Typically, the target address of the jump instruction will be the location of the REP LODS AL microprocessor instruction 
in instruction cache 40. This CISC instruction will then need to be fetched, decoded, issued, and the like. The target 
address of the jump instruction is always linear and remains linear while it is stored in the parcel cache. 
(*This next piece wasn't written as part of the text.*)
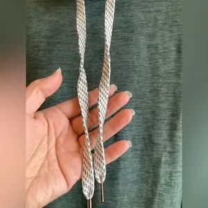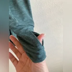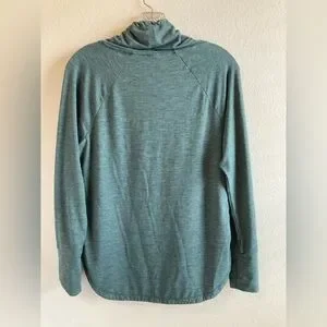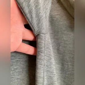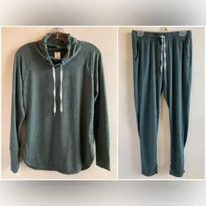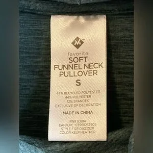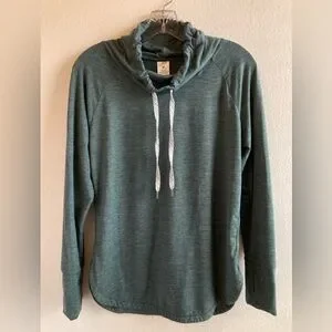Soft funnel neck pullover with drawstrings. Thinner than a sweatshirt, more like soft pajama or loungewear fabric. Has a bit of pilling, mostly on the wearer’s left shoulder (see photos.) Most of the pilling blends in with the fabric color. Still in good condition and very soft and comfortable.

[0064] In accordance with the present invention, the association of the REP LODS AL instruction is mapped to the 
related parcels, hence, the jump micro-op in parcel cache 52 at address AAAF will point to the load pointer parcel in 
cache 52 at address AAAB. In this manner only the decoded parcels will be used for each iteration required to perform 
the load string operation, i.e. until (E)CX equals zero. More particularly, when the jump parcel is generated from the 
REP LODS AL instruction the target address will normally be the address of the REP LODS AL instruction. However, 
the present invention provides a pointer from the REP LODS AL instruction to the parcel cache address containing the 
load pointer parcel such that the repetitive parcels will be those predecoded micro-ops included in the parcel cache. 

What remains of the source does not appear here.